Haftorah Thoughts for 10 Heshvan, 5782
Today’s Haftorah is from Isaiah 40:27-41:16
It refers us to Abraham’s victory over the four kings.
The first part of the Haftorah is really encouraging. It starts with a complaint Hashem has heard from his people (and I include myself in this complaint);
“My way of serving God has been hidden from and ignored by God, and my judgement passes I rewarded from my
God.”
How many of us have lodged this complaint? Guilty.
But the response is kind and compassionate; full of hope;
“don’t you know from your own mind, even if you have not heard from your teachers, that God is an everlasting God, the Creator of the entire world from end to end? He does not become tired or weary and fluctuate in His performance.”
Whoa. That last part hits me. I think I often project my own “fluctuation in my performance” onto Hashem. Without a doubt. Hashem does not fluctuate. But I do. And I think I sometimes believe he must because I do. Hashem does NOT fluctuate in his performance.
Isaiah continues; “So your reward will definitely come, but there is no comprehension of His wisdom as to why He delays it.”
This morning I was in a “battle” with my youngest daughter Aviyah about breakfast. We have a tradition on Shabbat to do “special” cereal (we normally don’t do sugar cereal but to make Shabbat something the girls look forward to, we allow them one day to enjoy the sugar cereal). We wait for the four youngest girls to wake up before serving it though, because we want to also teach patience.
This morning three of the girls woke up relatively early. But Aviyah wasn’t having it. I kept trying to explain what was happening, but her brain couldn’t comprehend it.
I made her a deal and said if her sister wasn’t awake when I was finished Davening, I would get the cereal out anyway.
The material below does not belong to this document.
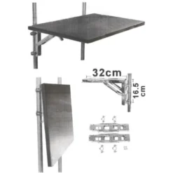 Accessoire robuste fabrication inox polie miroir pour conception de table et plan de travail repliable dans le bateau camping-car et fourgon aménagé, cette solide équerre pouvant supporter une charge de 150 Kg se replie d’une simple pression de la main, équerre très robuste idéal pour l’aménagement et conception de cuisine en intérieur et extérieur.
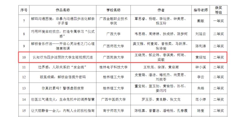 学校《认知行为四步法预防大学生短视频沉迷》作品获2025年全区高校大学生“3·25”心理健康教育活动季活动二等奖

She walked away but was still being impatient. Mind you she wasn’t hungry because she already had a bagel with cream cheese, and a banana.
While Davening, right as I was about to finish (I just had two prayers left) she went into her sisters room and woke her up. So I stopped Davening and explained to her the consequence would be that I would set a timer and she’d have to wait for cereal while everyone else got to eat it as soon as I was finished Davening.
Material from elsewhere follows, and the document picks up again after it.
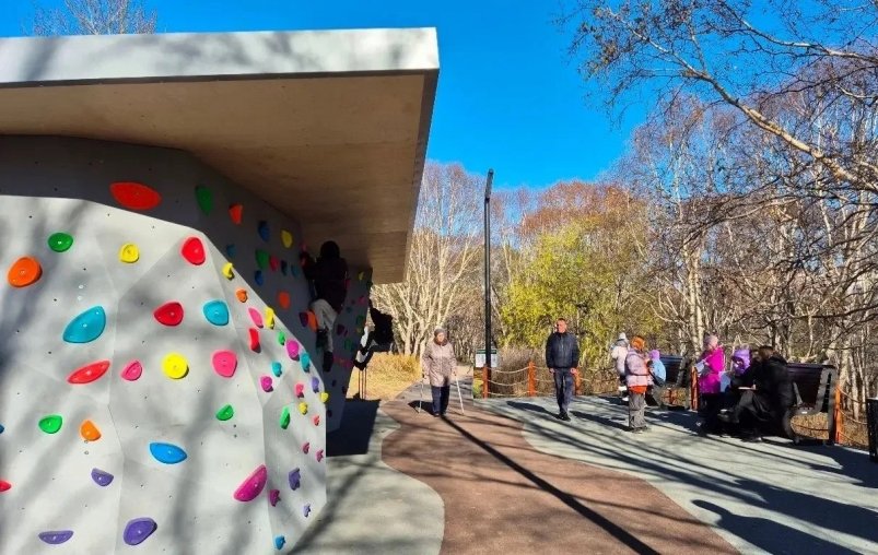 Парк благоустроила компания "Ареал" (бывшая "Хайлэнд Голд") между микрорайонами "Дачная" и "Нижний Горизонт". Уже открыты освещённая тропа, смотровая площадка и скалодром. В этом году работы продолжатся.

She wasnt having it. We had some good discussion on the difference between hunger and craving; but she delayed me finishing Davening by an extra 20 minutes. I kept explaining to her that she was working against her best self interests. We worked through it, she calmed herself, and i was able to finish Davening. She accepted the reality, let me set the timer, and when the timer went off she got the biggest smile.
It’s a good lesson here. We want that cereal- but we don’t want to wait. But the reward is coming, and Hashem is trustworthy- more so that we are. He doesn’t fluctuate. We do.
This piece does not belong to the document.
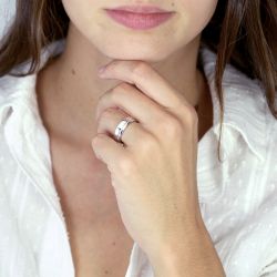 Avec un poids moyen de 5.00 g, cette bague présente une finition satinée contrastée par la brillance de ses diamants sertis en rail, garantissant un rendu à la fois moderne et raffiné.

I really encourage you to read the rest of the Haftorah because it is a lot of encouragement. Towards the end, Isaiah writes this;
“But you, Israel, are not like them (the nations who worship idols) because you are My servants! Children of Jacob! I chose you to be My people because you are the descendants of Abraham, who loved Me and separated from idol-worship. In the future I will grasp you from the corners of the earth and call to release you from the control of its powerful people. I told you, “You are My servant,” from the time that I have chosen you, and I have not despised you.
Do not be afraid, for I am with you. Do not turn away thinking I have abandoned you, because I am your God, as I have always been. I strengthened you with positive words of comfort, I helped you from the very beginning.”
Wow. Just wow.
Today- where are you needing Hashem’s word of comfort? Where are you needing a reminder that Hashem does not fluctuate in His performance?
The Haftorah closes with this; “For I am God, your God, who takes hold of your right hand, and says to you; ‘Don’t fear, I will help you,’ so you can rely on My word.”
There is a visual there that I think we need to remember. When Aviyah is struggling, and i reach out to hold her hand (if I’m taking her right hand, I’ll use my left hand) there is a visual there that brings a lot of comfort. The left hand of Hashem takes hold of our right hand and says “do not fear. I will help you.” Do you believe this? Or not? That is one last important question to ask (and answer) for ourselves.